EXERCISE
Whatever appears in the records, retype it exactly, except for the pictures.

[Records excerpted from a collection]
......
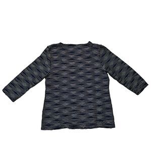 Effortlessly stylish, this JM Collection top features shimmery jacquard stripes and hardware for an instantly sleek look. Relaxed fit Scoop neckline with hardware, keyhole 3/4-sleeves Polyester/metallic/spandex Machine washable ImportedSize: Womens M Condition: New With Tags
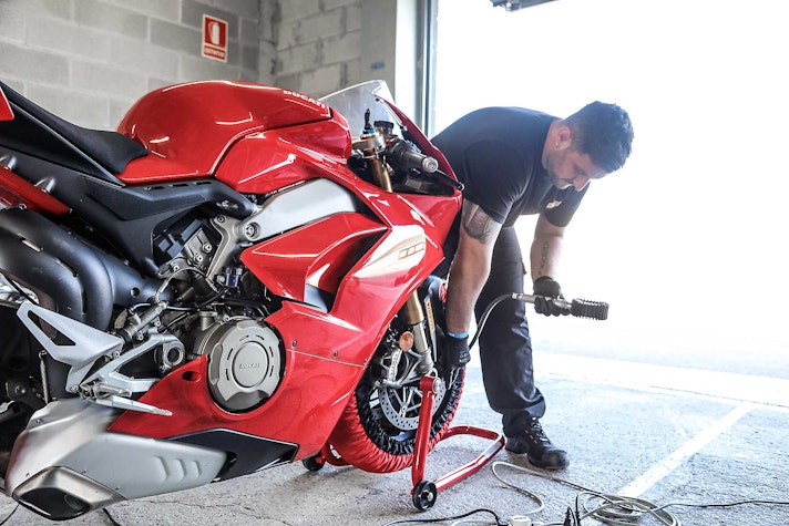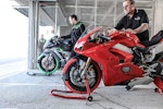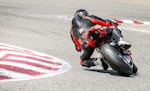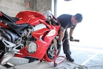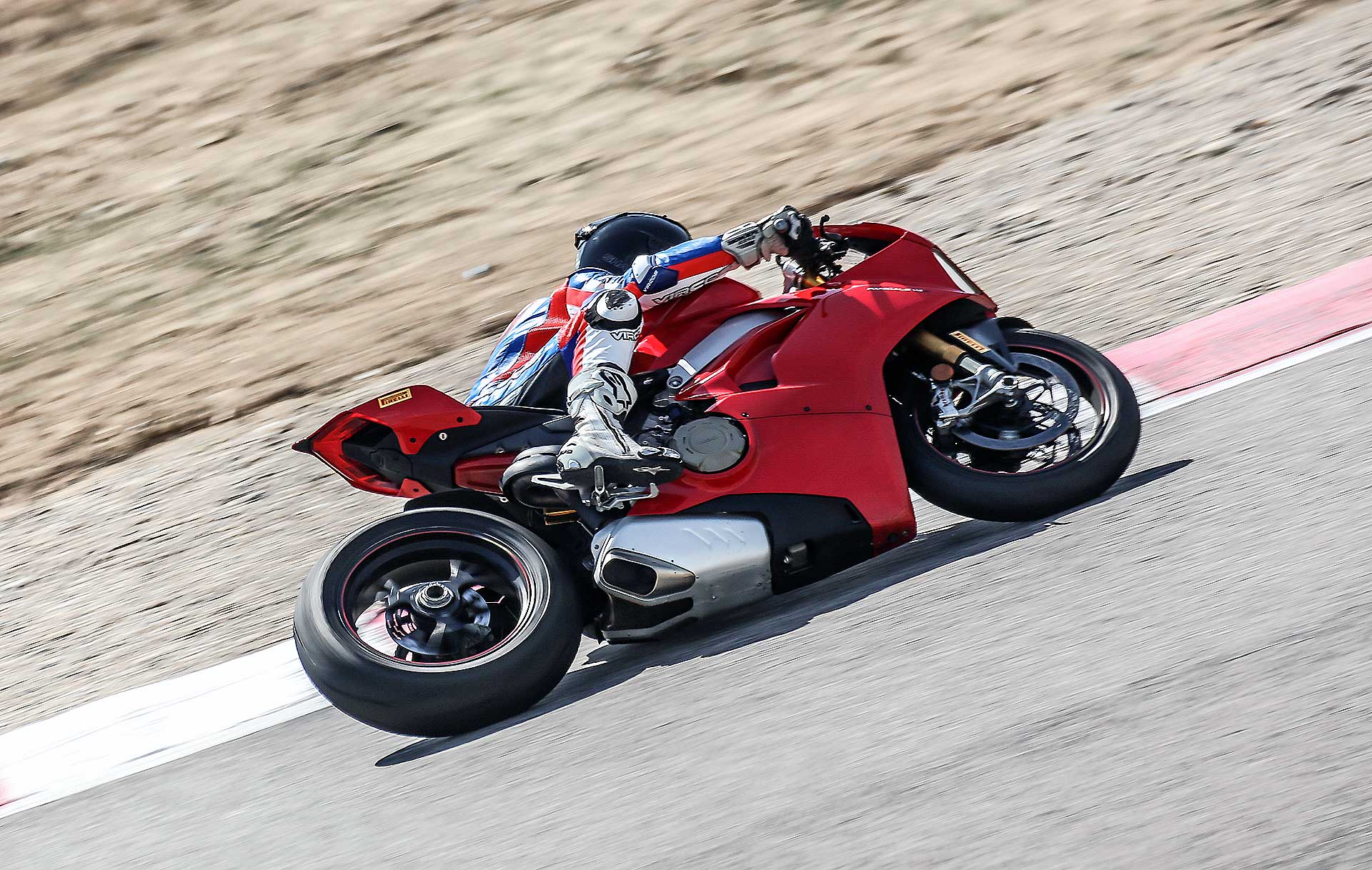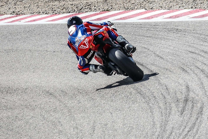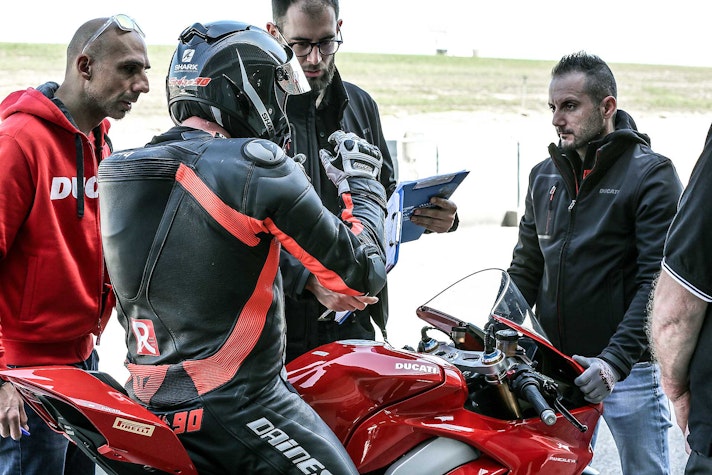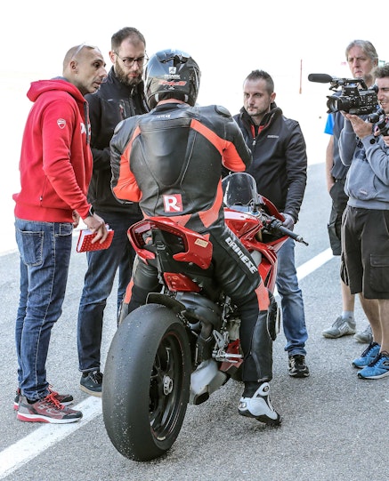 Con lei si ha sempre l’impressione che l’avantreno resti un po’ “alto” (sembrava lo stesso con la 1299) però quanto l’aggredisci tutto va a posto. Più facile della 1299? Sì. Ma non è una moto per mammolette, non la devi guidare “morbido”, quando cerchi il tempo ha così tanta birra che ci vogliono fisico in forma e mente lucida. Se inizi a stancarti e di fai portare in giro dalla moto, è meglio che ti fermi e la fai raffreddare un po’, anche perché la V4 scalda parecchio. Un po’ in sofferenza inizialmente nelle buche a causa della sua grande rigidità, la V4 ha poi trovato la via verso un ottimo assetto grazie all’intervento dei tecnici Ducati presenti alla prova migliorando in modo sensibile la delicata fase di percorrenza a gas in mano su fondo sconnesso e offrendo la necessaria fiducia per accelerare presto, soprattutto con le collose SC1.
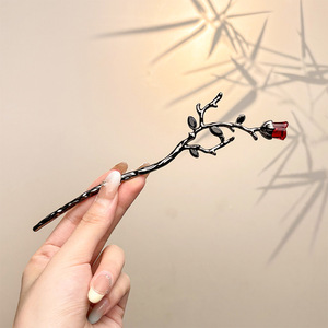 39#一枝梅暗红发簪-枪黑色 (袋装)
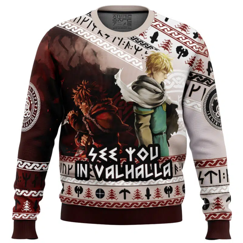 Buildercar – See You In Valhalla Vinland Saga Ugly Christmas Sweater Turn Heads This Holiday with Anime Ape’s Exclusive Ugly Christmas Sweater
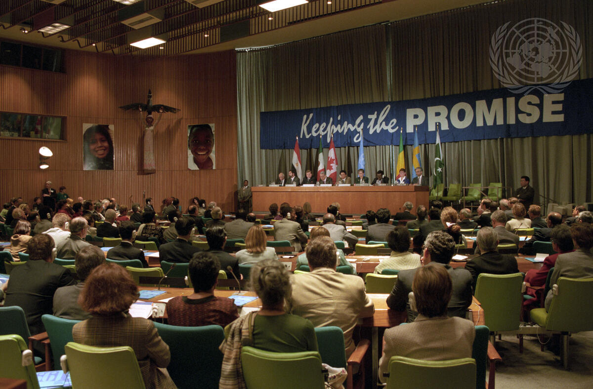 The United Nations Children's Fund (UNICEF) sponsored this commemorative meeting at Headquarters, titled ""Keeping the Promise"", on the occasion of the mid-decade review of progress made on goals set at the World Summit for Children in 1990.
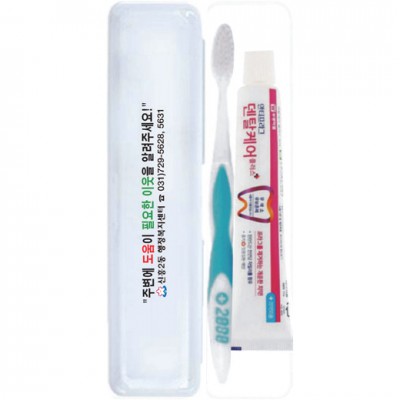 | 기타사항 | (종이케이스별도 100원) •Size : 200x45x30㎜ •안티프라그치약50g,2080칫솔 ※구성품 교체 가능 / 칼라인쇄시 100원추가 |
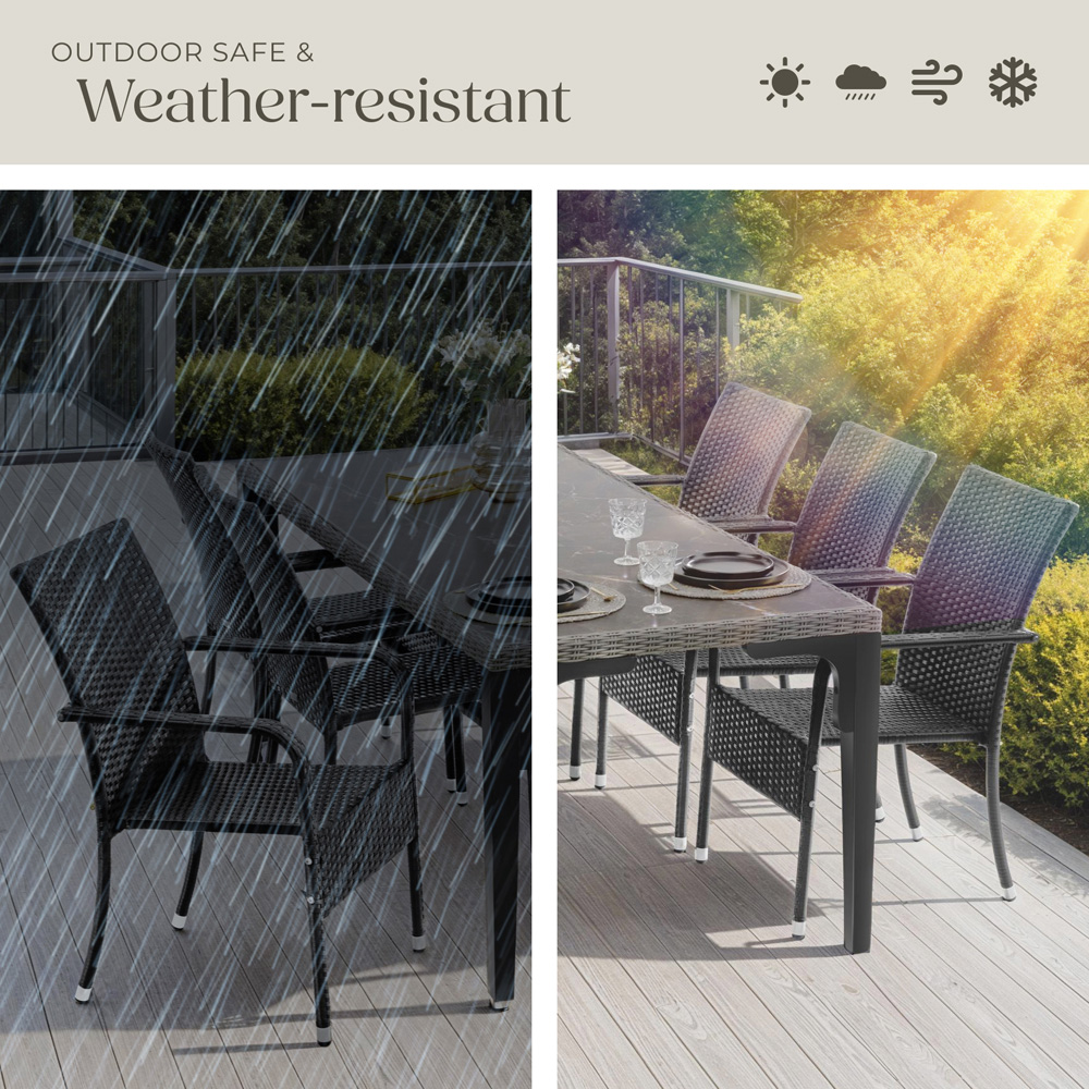 Elevate your outdoor dining experience with a stylish poly rattan garden chair in elegant grey, perfect for blending seamlessly with any home decor. This versatile piece of furniture combines comfort and durability, making it ideal for both relaxing in the sun and enjoying meals around a wooden table. The lightweight, stackable design and sun resistance of these garden chairs ensure hassle-free storage in a garden shed when not in use. Whether you're upgrading your patio or creating a cosy outdoor dining area, this garden chair is a must-have piece of furniture. The Rattan Chair Girona by tectake offers timeless design and high functionality in any home or garden. The simple appearance fits into any outdoor area and serves as an elegant addition to your garden or balcony. The high backrest invites you to lean back and relax, providing an excellent seating experience, especially when combined with the comfortable armrests. Whether for relaxing hours in the garden or dining on the wooden terrace, these chairs make every break even more enjoyable. Made from powder-coated steel and durable poly rattan, the balcony chairs are not only extremely weather-resistant but also highly durable and robust. Additionally, the non-slip foot caps ensure great stability on any surface. Thanks to the clever design, these chairs can be stacked, allowing you to store the set in a space-saving manner when not in use.
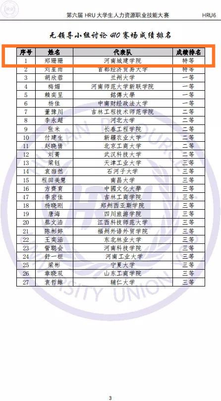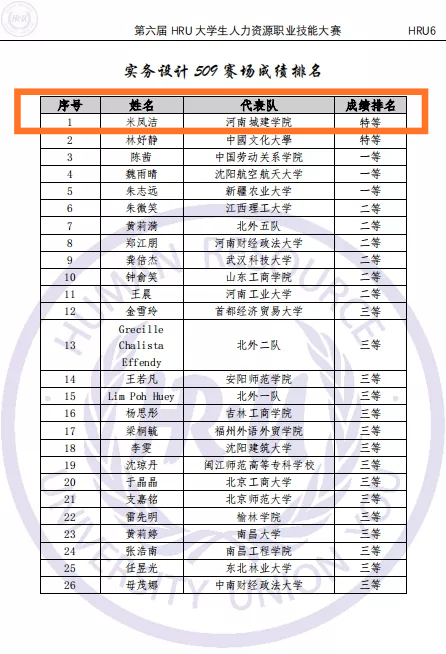 (通讯员 常小高)11月21日至22日,由中国劳动关系学院组织的第六届中国大学生人力资源职业技能(HRU)大赛暨海峡两岸人力资源职业技能大赛全国总决赛成功举办。由我校胡举华、朱志培两位老师带领,郑珊珊、米凤洁、赵奕星、李艺伟、张永冠5名学生组成的6776永利集团代表队在总决赛中荣获国家团体一等奖和两项个人特等奖。
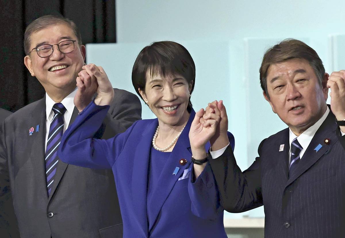 Newly elected Liberal Democratic Party President Sanae Takaichi, center, poses for a photo with Prime Minister Shigeru Ishiba, left, at the party’s headquarters in Tokyo on Saturday.
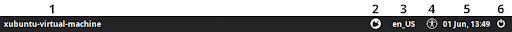 On the left side of the panel you will find the button, which has the icon of the Xubuntu logo. Next to that is the list of running applications with available windows, known as the window list or taskbar buttons.
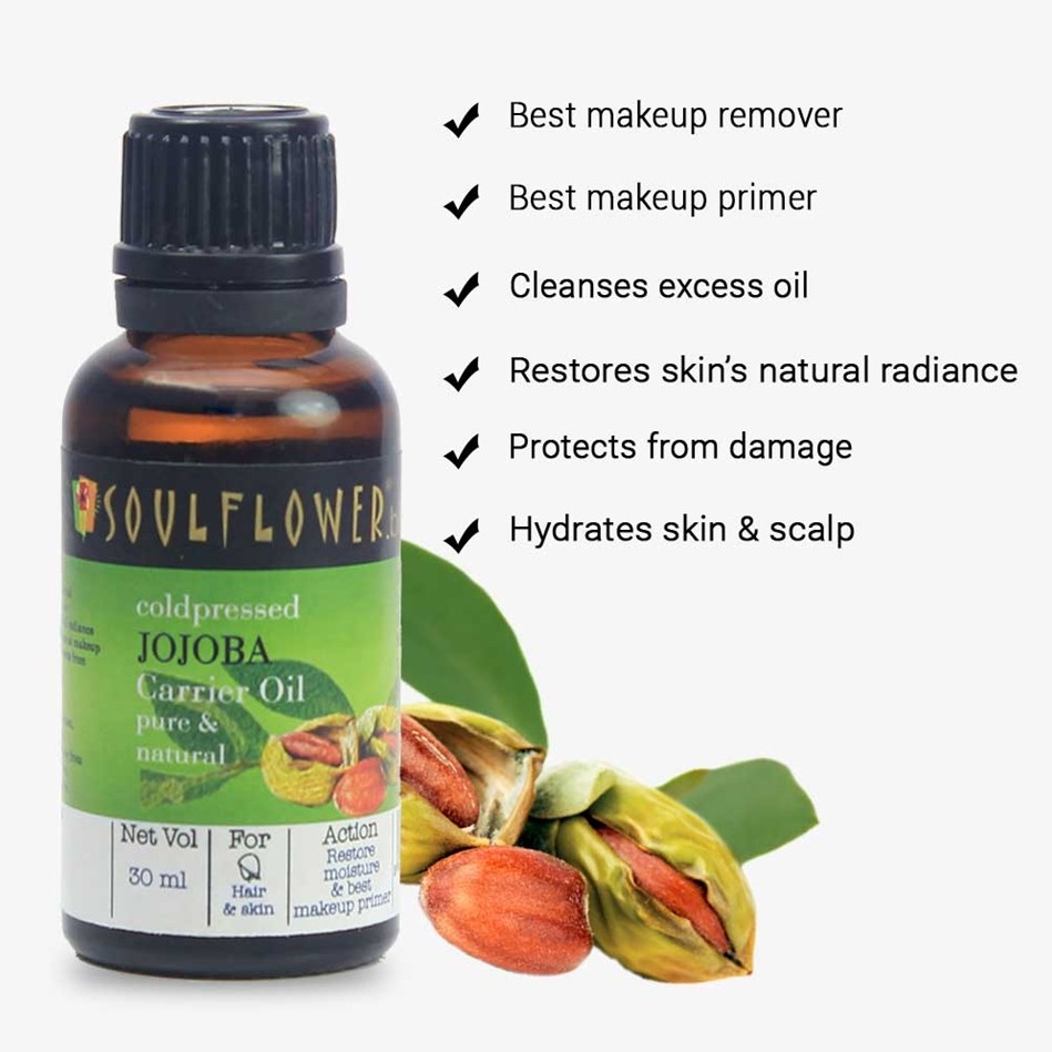 100% pure, natural, vegan and cold-pressed Soulflower Jojoba Carrier Oil restores skin's natural radiance by hydrating and cleansing excess oil is considered to be one of the most effective and preferred make-up removers and primers due to its instant cleansing property.
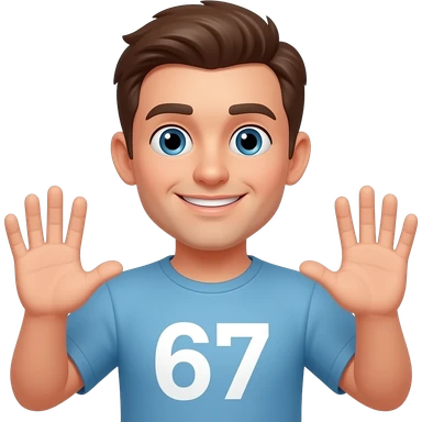 Creete a guy saying 67 by hands the number in his hands emoji
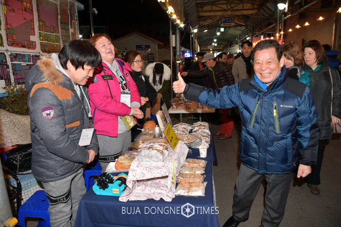 | △윤장현 광주시장이 18일 저녁 올해 첫 개장한 대인예술야시장을 찾아 상가를 둘러보고 상인들을 격려하고 있다 |
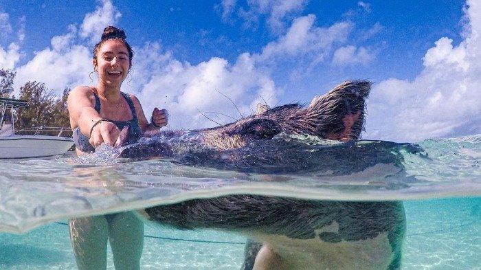 Pulau yang bernama Big Mayor Cay ini justru lebih dikenal oleh wisatawan dengan nama Pig Island atau Pulau Babi.
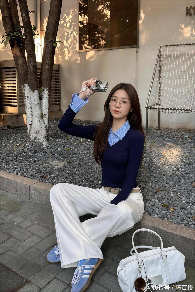 选择深蓝色上衣时,可以考虑针织开衫,像博主身上这类假两件拼接款单品就符合大众审美需求,身材好的姐妹选择紧身款、身材匀称的姐妹选择修身款不会出错。
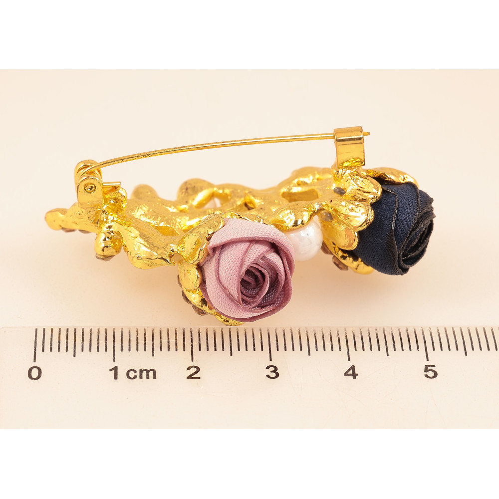 Брошь "Розовый и синий цветочки"
......
RESPONSE
 Effortlessly stylish, this JM Collection top features shimmery jacquard stripes and hardware for an instantly sleek look. Relaxed fit Scoop neckline with hardware, keyhole 3/4-sleeves Polyester/metallic/spandex Machine washable ImportedSize: Womens M Condition: New With Tags
 Con lei si ha sempre l’impressione che l’avantreno resti un po’ “alto” (sembrava lo stesso con la 1299) però quanto l’aggredisci tutto va a posto. Più facile della 1299? Sì. Ma non è una moto per mammolette, non la devi guidare “morbido”, quando cerchi il tempo ha così tanta birra che ci vogliono fisico in forma e mente lucida. Se inizi a stancarti e di fai portare in giro dalla moto, è meglio che ti fermi e la fai raffreddare un po’, anche perché la V4 scalda parecchio. Un po’ in sofferenza inizialmente nelle buche a causa della sua grande rigidità, la V4 ha poi trovato la via verso un ottimo assetto grazie all’intervento dei tecnici Ducati presenti alla prova migliorando in modo sensibile la delicata fase di percorrenza a gas in mano su fondo sconnesso e offrendo la necessaria fiducia per accelerare presto, soprattutto con le collose SC1.
 39#一枝梅暗红发簪-枪黑色 (袋装)
 Buildercar – See You In Valhalla Vinland Saga Ugly Christmas Sweater Turn Heads This Holiday with Anime Ape’s Exclusive Ugly Christmas Sweater
 The United Nations Children's Fund (UNICEF) sponsored this commemorative meeting at Headquarters, titled ""Keeping the Promise"", on the occasion of the mid-decade review of progress made on goals set at the World Summit for Children in 1990.
 | 기타사항 | (종이케이스별도 100원) •Size : 200x45x30㎜ •안티프라그치약50g,2080칫솔 ※구성품 교체 가능 / 칼라인쇄시 100원추가 |
 Elevate your outdoor dining experience with a stylish poly rattan garden chair in elegant grey, perfect for blending seamlessly with any home decor. This versatile piece of furniture combines comfort and durability, making it ideal for both relaxing in the sun and enjoying meals around a wooden table. The lightweight, stackable design and sun resistance of these garden chairs ensure hassle-free storage in a garden shed when not in use. Whether you're upgrading your patio or creating a cosy outdoor dining area, this garden chair is a must-have piece of furniture. The Rattan Chair Girona by tectake offers timeless design and high functionality in any home or garden. The simple appearance fits into any outdoor area and serves as an elegant addition to your garden or balcony. The high backrest invites you to lean back and relax, providing an excellent seating experience, especially when combined with the comfortable armrests. Whether for relaxing hours in the garden or dining on the wooden terrace, these chairs make every break even more enjoyable. Made from powder-coated steel and durable poly rattan, the balcony chairs are not only extremely weather-resistant but also highly durable and robust. Additionally, the non-slip foot caps ensure great stability on any surface. Thanks to the clever design, these chairs can be stacked, allowing you to store the set in a space-saving manner when not in use.
 (通讯员 常小高)11月21日至22日,由中国劳动关系学院组织的第六届中国大学生人力资源职业技能(HRU)大赛暨海峡两岸人力资源职业技能大赛全国总决赛成功举办。由我校胡举华、朱志培两位老师带领,郑珊珊、米凤洁、赵奕星、李艺伟、张永冠5名学生组成的6776永利集团代表队在总决赛中荣获国家团体一等奖和两项个人特等奖。
 Newly elected Liberal Democratic Party President Sanae Takaichi, center, poses for a photo with Prime Minister Shigeru Ishiba, left, at the party’s headquarters in Tokyo on Saturday.
 On the left side of the panel you will find the button, which has the icon of the Xubuntu logo. Next to that is the list of running applications with available windows, known as the window list or taskbar buttons.
 100% pure, natural, vegan and cold-pressed Soulflower Jojoba Carrier Oil restores skin's natural radiance by hydrating and cleansing excess oil is considered to be one of the most effective and preferred make-up removers and primers due to its instant cleansing property.
 Creete a guy saying 67 by hands the number in his hands emoji
 | △윤장현 광주시장이 18일 저녁 올해 첫 개장한 대인예술야시장을 찾아 상가를 둘러보고 상인들을 격려하고 있다 |
 Pulau yang bernama Big Mayor Cay ini justru lebih dikenal oleh wisatawan dengan nama Pig Island atau Pulau Babi.
 选择深蓝色上衣时,可以考虑针织开衫,像博主身上这类假两件拼接款单品就符合大众审美需求,身材好的姐妹选择紧身款、身材匀称的姐妹选择修身款不会出错。
 Брошь "Розовый и синий цветочки"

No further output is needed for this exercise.